### Work request
Look through the entries below and extract exactly the lines from the one containing "يحل الخبير الاقتصادي" through the one containing "Black & Grey Printed Round Neck kurta Set", ends included.

### Records for processing
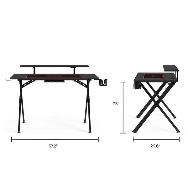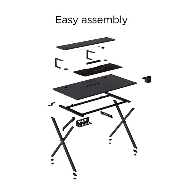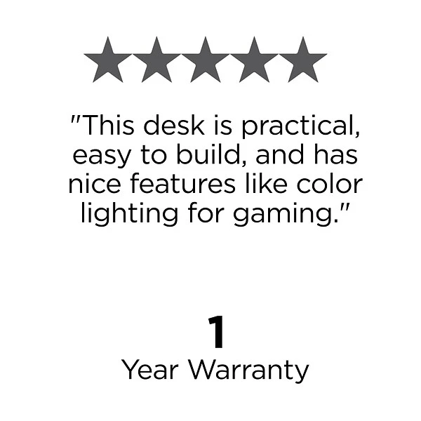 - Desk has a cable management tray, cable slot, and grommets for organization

==

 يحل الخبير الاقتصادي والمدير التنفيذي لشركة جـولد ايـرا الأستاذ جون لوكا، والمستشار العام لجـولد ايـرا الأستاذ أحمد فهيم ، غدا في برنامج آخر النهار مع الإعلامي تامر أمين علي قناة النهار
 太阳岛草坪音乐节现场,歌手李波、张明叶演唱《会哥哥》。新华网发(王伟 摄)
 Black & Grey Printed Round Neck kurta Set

...

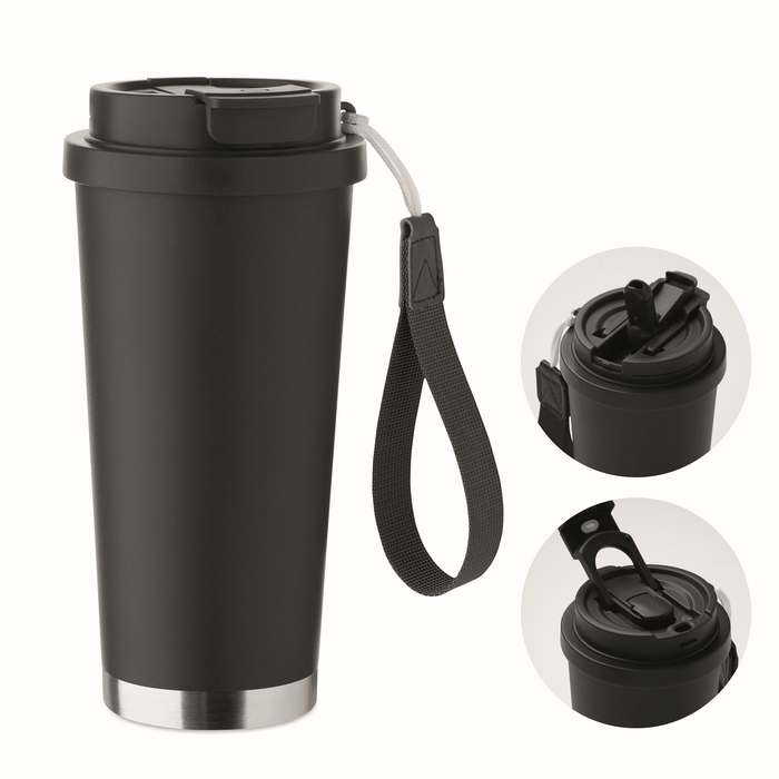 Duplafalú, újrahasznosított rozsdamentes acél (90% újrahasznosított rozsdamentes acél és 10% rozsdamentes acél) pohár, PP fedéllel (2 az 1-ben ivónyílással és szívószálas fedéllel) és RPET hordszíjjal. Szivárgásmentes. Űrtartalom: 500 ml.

### Output for this task
 يحل الخبير الاقتصادي والمدير التنفيذي لشركة جـولد ايـرا الأستاذ جون لوكا، والمستشار العام لجـولد ايـرا الأستاذ أحمد فهيم ، غدا في برنامج آخر النهار مع الإعلامي تامر أمين علي قناة النهار
 太阳岛草坪音乐节现场,歌手李波、张明叶演唱《会哥哥》。新华网发(王伟 摄)
 Black & Grey Printed Round Neck kurta Set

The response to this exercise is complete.